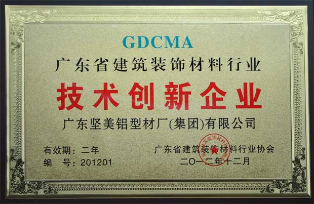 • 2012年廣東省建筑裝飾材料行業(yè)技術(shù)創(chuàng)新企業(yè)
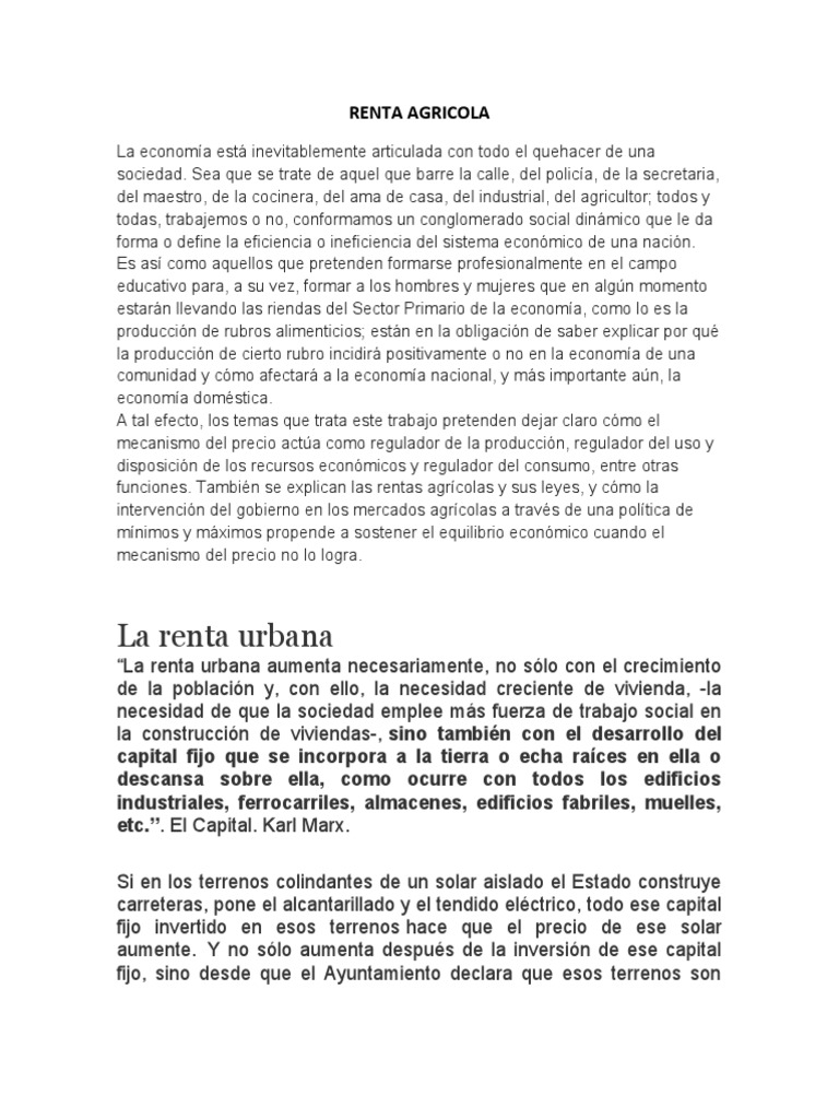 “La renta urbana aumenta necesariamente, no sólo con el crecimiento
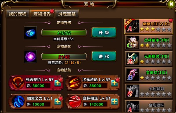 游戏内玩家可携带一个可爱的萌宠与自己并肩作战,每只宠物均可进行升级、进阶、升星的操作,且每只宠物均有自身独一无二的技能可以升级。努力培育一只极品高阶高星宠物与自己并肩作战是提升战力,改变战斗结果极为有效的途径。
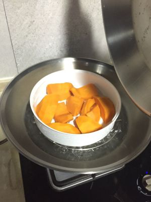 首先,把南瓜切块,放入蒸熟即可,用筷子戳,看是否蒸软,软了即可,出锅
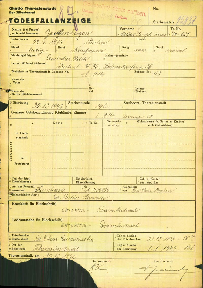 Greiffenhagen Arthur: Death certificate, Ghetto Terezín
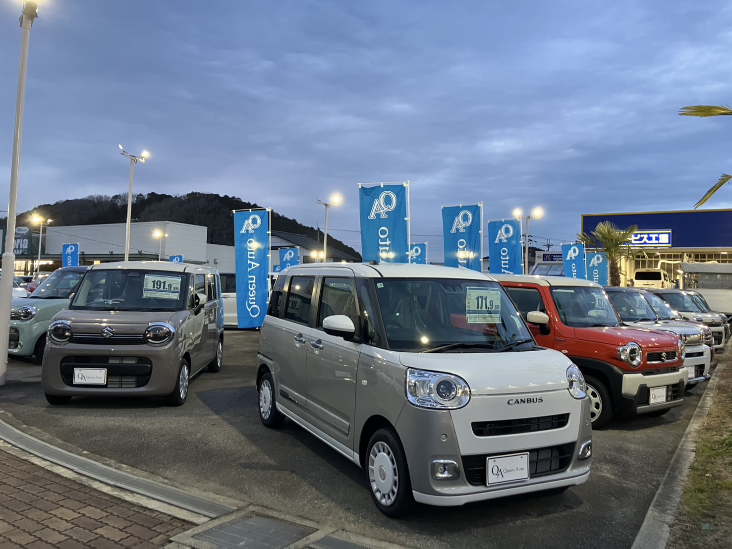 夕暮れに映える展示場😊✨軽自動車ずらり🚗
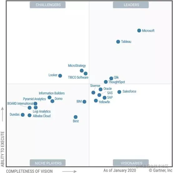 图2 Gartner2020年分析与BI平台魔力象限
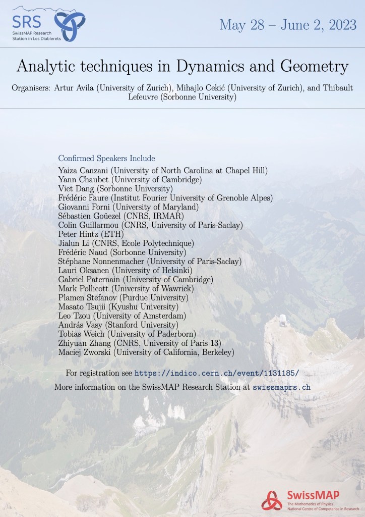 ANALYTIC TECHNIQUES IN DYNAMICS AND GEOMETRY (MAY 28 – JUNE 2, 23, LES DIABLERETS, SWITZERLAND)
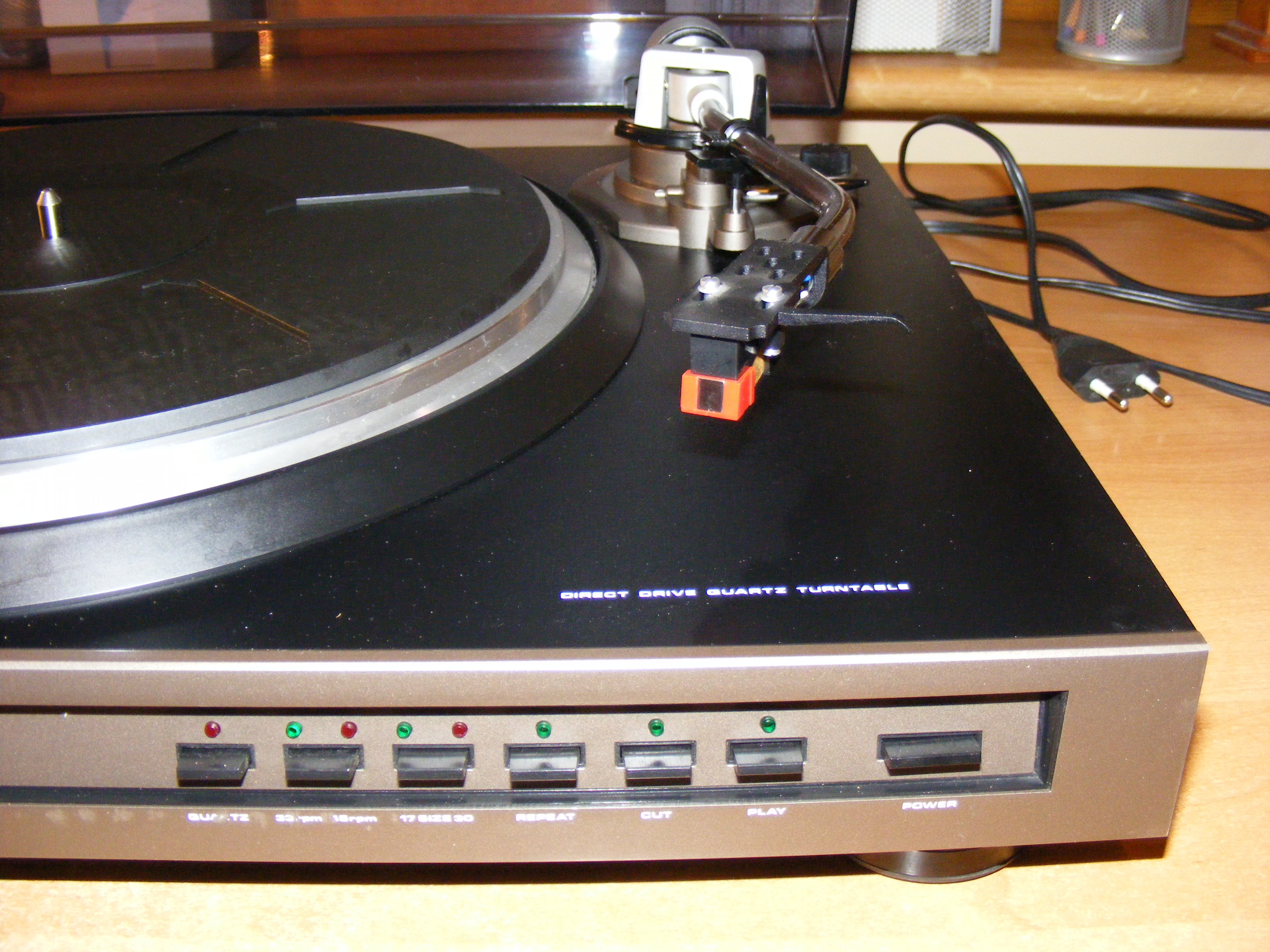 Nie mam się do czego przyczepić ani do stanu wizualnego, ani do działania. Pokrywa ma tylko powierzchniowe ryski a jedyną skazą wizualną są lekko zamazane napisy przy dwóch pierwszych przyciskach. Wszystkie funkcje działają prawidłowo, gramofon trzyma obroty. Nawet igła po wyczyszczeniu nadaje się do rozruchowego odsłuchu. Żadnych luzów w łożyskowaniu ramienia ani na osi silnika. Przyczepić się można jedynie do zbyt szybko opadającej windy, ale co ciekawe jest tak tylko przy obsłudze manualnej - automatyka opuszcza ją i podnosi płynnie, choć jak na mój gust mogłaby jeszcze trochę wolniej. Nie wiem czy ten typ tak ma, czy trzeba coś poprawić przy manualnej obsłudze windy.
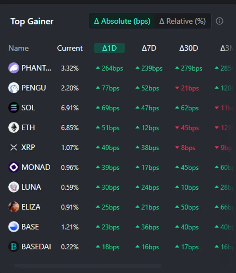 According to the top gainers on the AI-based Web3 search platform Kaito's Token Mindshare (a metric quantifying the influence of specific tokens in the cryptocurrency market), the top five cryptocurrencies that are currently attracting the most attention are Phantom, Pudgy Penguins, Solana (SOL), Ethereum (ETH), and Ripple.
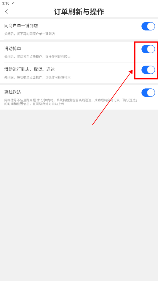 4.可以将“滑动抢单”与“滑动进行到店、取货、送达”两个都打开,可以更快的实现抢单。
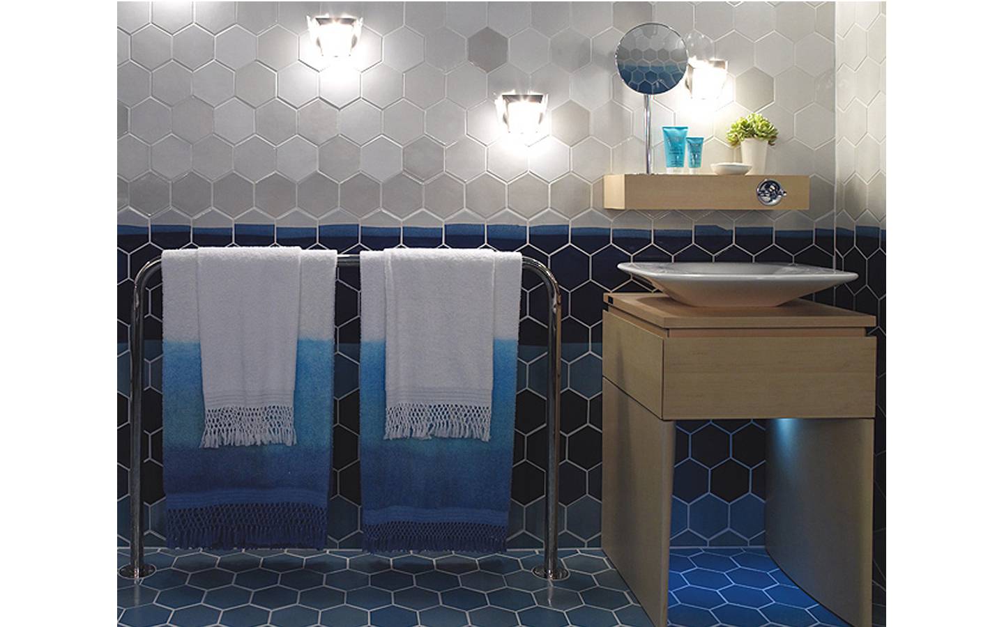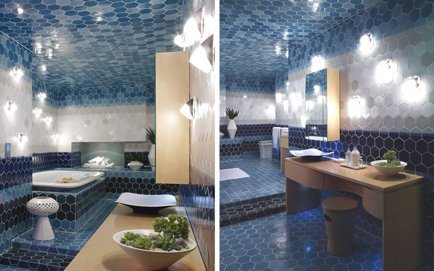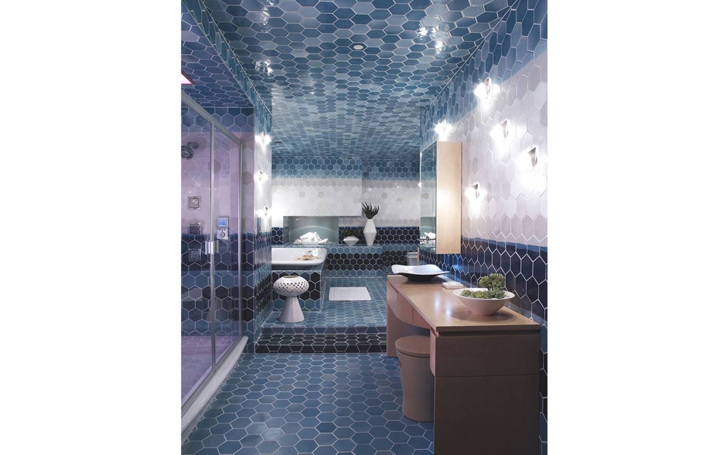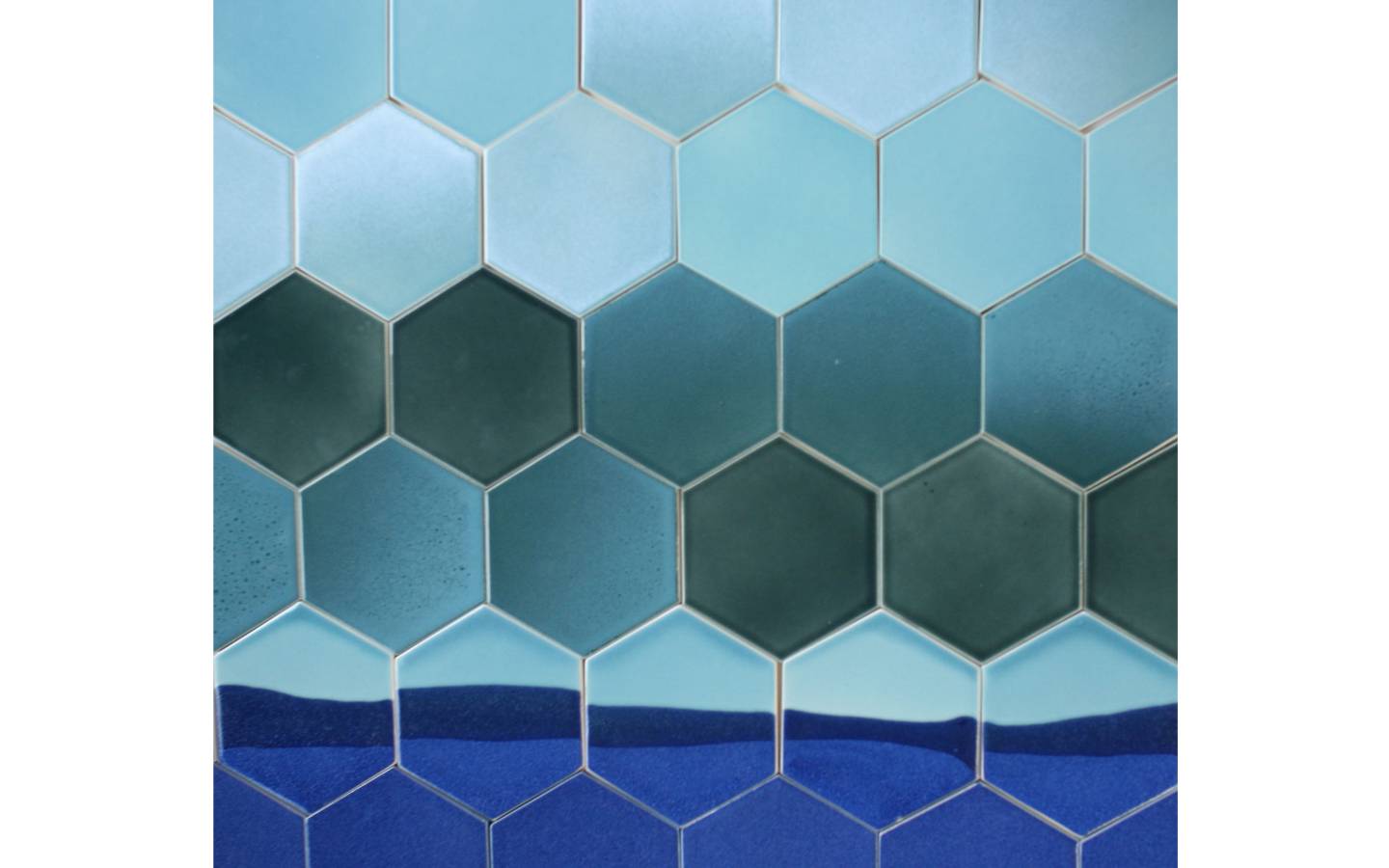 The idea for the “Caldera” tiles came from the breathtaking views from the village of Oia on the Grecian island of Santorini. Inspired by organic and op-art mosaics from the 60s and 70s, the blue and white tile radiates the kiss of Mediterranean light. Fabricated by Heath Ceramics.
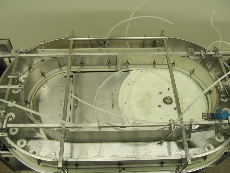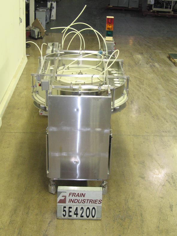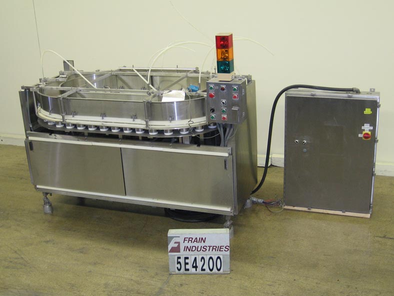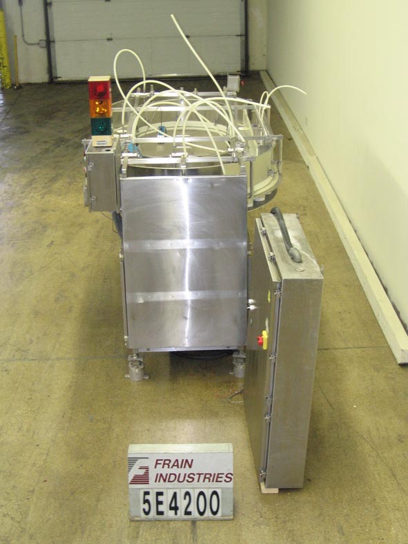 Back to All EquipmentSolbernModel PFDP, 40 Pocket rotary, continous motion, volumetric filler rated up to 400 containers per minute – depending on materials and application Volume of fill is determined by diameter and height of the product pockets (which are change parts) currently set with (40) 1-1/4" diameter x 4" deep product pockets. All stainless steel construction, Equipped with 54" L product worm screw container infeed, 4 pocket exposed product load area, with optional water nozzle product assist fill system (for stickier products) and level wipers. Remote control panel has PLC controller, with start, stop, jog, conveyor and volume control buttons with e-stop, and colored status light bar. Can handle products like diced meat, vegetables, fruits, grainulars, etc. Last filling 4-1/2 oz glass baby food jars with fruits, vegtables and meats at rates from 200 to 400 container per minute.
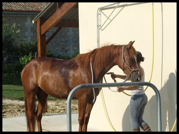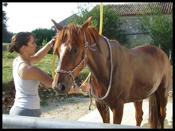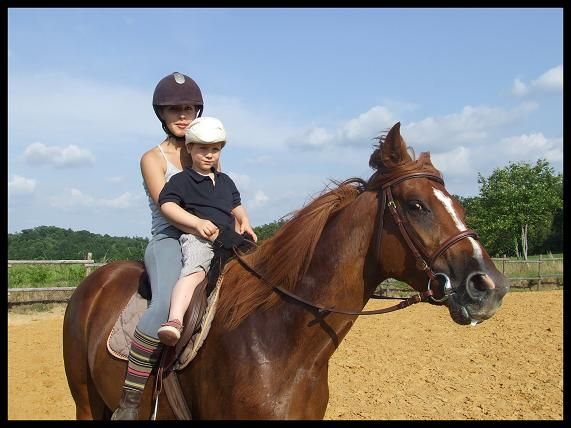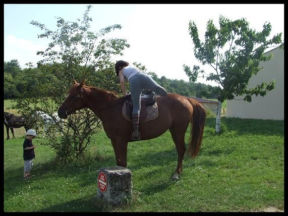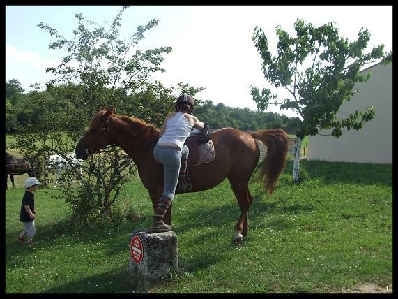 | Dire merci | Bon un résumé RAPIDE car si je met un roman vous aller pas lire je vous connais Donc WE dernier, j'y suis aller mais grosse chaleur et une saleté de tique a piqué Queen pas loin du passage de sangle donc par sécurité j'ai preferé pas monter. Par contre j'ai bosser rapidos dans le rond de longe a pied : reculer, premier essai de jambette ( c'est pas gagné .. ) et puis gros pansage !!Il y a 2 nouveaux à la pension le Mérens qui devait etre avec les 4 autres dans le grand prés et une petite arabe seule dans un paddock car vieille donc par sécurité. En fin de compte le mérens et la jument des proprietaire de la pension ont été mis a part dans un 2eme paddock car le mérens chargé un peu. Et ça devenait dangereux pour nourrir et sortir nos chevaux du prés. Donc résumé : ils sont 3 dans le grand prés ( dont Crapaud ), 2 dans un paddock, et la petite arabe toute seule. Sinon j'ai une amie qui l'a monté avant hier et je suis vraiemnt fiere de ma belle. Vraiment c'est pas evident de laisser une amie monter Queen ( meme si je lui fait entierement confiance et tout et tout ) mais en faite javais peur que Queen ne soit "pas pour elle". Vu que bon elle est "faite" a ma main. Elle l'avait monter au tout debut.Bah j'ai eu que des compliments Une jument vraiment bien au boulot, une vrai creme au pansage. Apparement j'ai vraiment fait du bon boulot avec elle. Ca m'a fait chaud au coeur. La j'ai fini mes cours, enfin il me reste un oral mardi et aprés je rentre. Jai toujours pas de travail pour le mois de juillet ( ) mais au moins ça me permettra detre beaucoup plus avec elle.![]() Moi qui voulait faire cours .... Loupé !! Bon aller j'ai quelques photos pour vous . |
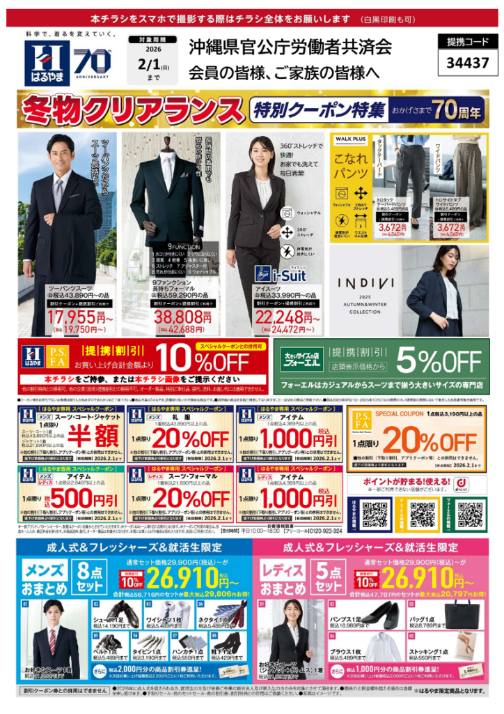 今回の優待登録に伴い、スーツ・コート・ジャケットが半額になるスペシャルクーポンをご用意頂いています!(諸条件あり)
──────────
- **WHAT THE TASK REQUIRES**
Only the pictures should be left out; write out everything else in the records exactly.

- **OUTPUT FOR THIS TASK**
 • 2012年廣東省建筑裝飾材料行業(yè)技術(shù)創(chuàng)新企業(yè)
 “La renta urbana aumenta necesariamente, no sólo con el crecimiento
 游戏内玩家可携带一个可爱的萌宠与自己并肩作战,每只宠物均可进行升级、进阶、升星的操作,且每只宠物均有自身独一无二的技能可以升级。努力培育一只极品高阶高星宠物与自己并肩作战是提升战力,改变战斗结果极为有效的途径。
 首先,把南瓜切块,放入蒸熟即可,用筷子戳,看是否蒸软,软了即可,出锅
 Greiffenhagen Arthur: Death certificate, Ghetto Terezín
 夕暮れに映える展示場😊✨軽自動車ずらり🚗
 图2 Gartner2020年分析与BI平台魔力象限
 ANALYTIC TECHNIQUES IN DYNAMICS AND GEOMETRY (MAY 28 – JUNE 2, 23, LES DIABLERETS, SWITZERLAND)
 Nie mam się do czego przyczepić ani do stanu wizualnego, ani do działania. Pokrywa ma tylko powierzchniowe ryski a jedyną skazą wizualną są lekko zamazane napisy przy dwóch pierwszych przyciskach. Wszystkie funkcje działają prawidłowo, gramofon trzyma obroty. Nawet igła po wyczyszczeniu nadaje się do rozruchowego odsłuchu. Żadnych luzów w łożyskowaniu ramienia ani na osi silnika. Przyczepić się można jedynie do zbyt szybko opadającej windy, ale co ciekawe jest tak tylko przy obsłudze manualnej - automatyka opuszcza ją i podnosi płynnie, choć jak na mój gust mogłaby jeszcze trochę wolniej. Nie wiem czy ten typ tak ma, czy trzeba coś poprawić przy manualnej obsłudze windy.
 According to the top gainers on the AI-based Web3 search platform Kaito's Token Mindshare (a metric quantifying the influence of specific tokens in the cryptocurrency market), the top five cryptocurrencies that are currently attracting the most attention are Phantom, Pudgy Penguins, Solana (SOL), Ethereum (ETH), and Ripple.
 4.可以将“滑动抢单”与“滑动进行到店、取货、送达”两个都打开,可以更快的实现抢单。
 The idea for the “Caldera” tiles came from the breathtaking views from the village of Oia on the Grecian island of Santorini. Inspired by organic and op-art mosaics from the 60s and 70s, the blue and white tile radiates the kiss of Mediterranean light. Fabricated by Heath Ceramics.
 Back to All EquipmentSolbernModel PFDP, 40 Pocket rotary, continous motion, volumetric filler rated up to 400 containers per minute – depending on materials and application Volume of fill is determined by diameter and height of the product pockets (which are change parts) currently set with (40) 1-1/4" diameter x 4" deep product pockets. All stainless steel construction, Equipped with 54" L product worm screw container infeed, 4 pocket exposed product load area, with optional water nozzle product assist fill system (for stickier products) and level wipers. Remote control panel has PLC controller, with start, stop, jog, conveyor and volume control buttons with e-stop, and colored status light bar. Can handle products like diced meat, vegetables, fruits, grainulars, etc. Last filling 4-1/2 oz glass baby food jars with fruits, vegtables and meats at rates from 200 to 400 container per minute.
 | Dire merci | Bon un résumé RAPIDE car si je met un roman vous aller pas lire je vous connais Donc WE dernier, j'y suis aller mais grosse chaleur et une saleté de tique a piqué Queen pas loin du passage de sangle donc par sécurité j'ai preferé pas monter. Par contre j'ai bosser rapidos dans le rond de longe a pied : reculer, premier essai de jambette ( c'est pas gagné .. ) et puis gros pansage !!Il y a 2 nouveaux à la pension le Mérens qui devait etre avec les 4 autres dans le grand prés et une petite arabe seule dans un paddock car vieille donc par sécurité. En fin de compte le mérens et la jument des proprietaire de la pension ont été mis a part dans un 2eme paddock car le mérens chargé un peu. Et ça devenait dangereux pour nourrir et sortir nos chevaux du prés. Donc résumé : ils sont 3 dans le grand prés ( dont Crapaud ), 2 dans un paddock, et la petite arabe toute seule. Sinon j'ai une amie qui l'a monté avant hier et je suis vraiemnt fiere de ma belle. Vraiment c'est pas evident de laisser une amie monter Queen ( meme si je lui fait entierement confiance et tout et tout ) mais en faite javais peur que Queen ne soit "pas pour elle". Vu que bon elle est "faite" a ma main. Elle l'avait monter au tout debut.Bah j'ai eu que des compliments Une jument vraiment bien au boulot, une vrai creme au pansage. Apparement j'ai vraiment fait du bon boulot avec elle. Ca m'a fait chaud au coeur. La j'ai fini mes cours, enfin il me reste un oral mardi et aprés je rentre. Jai toujours pas de travail pour le mois de juillet ( ) mais au moins ça me permettra detre beaucoup plus avec elle.![]() Moi qui voulait faire cours .... Loupé !! Bon aller j'ai quelques photos pour vous . |
 今回の優待登録に伴い、スーツ・コート・ジャケットが半額になるスペシャルクーポンをご用意頂いています!(諸条件あり)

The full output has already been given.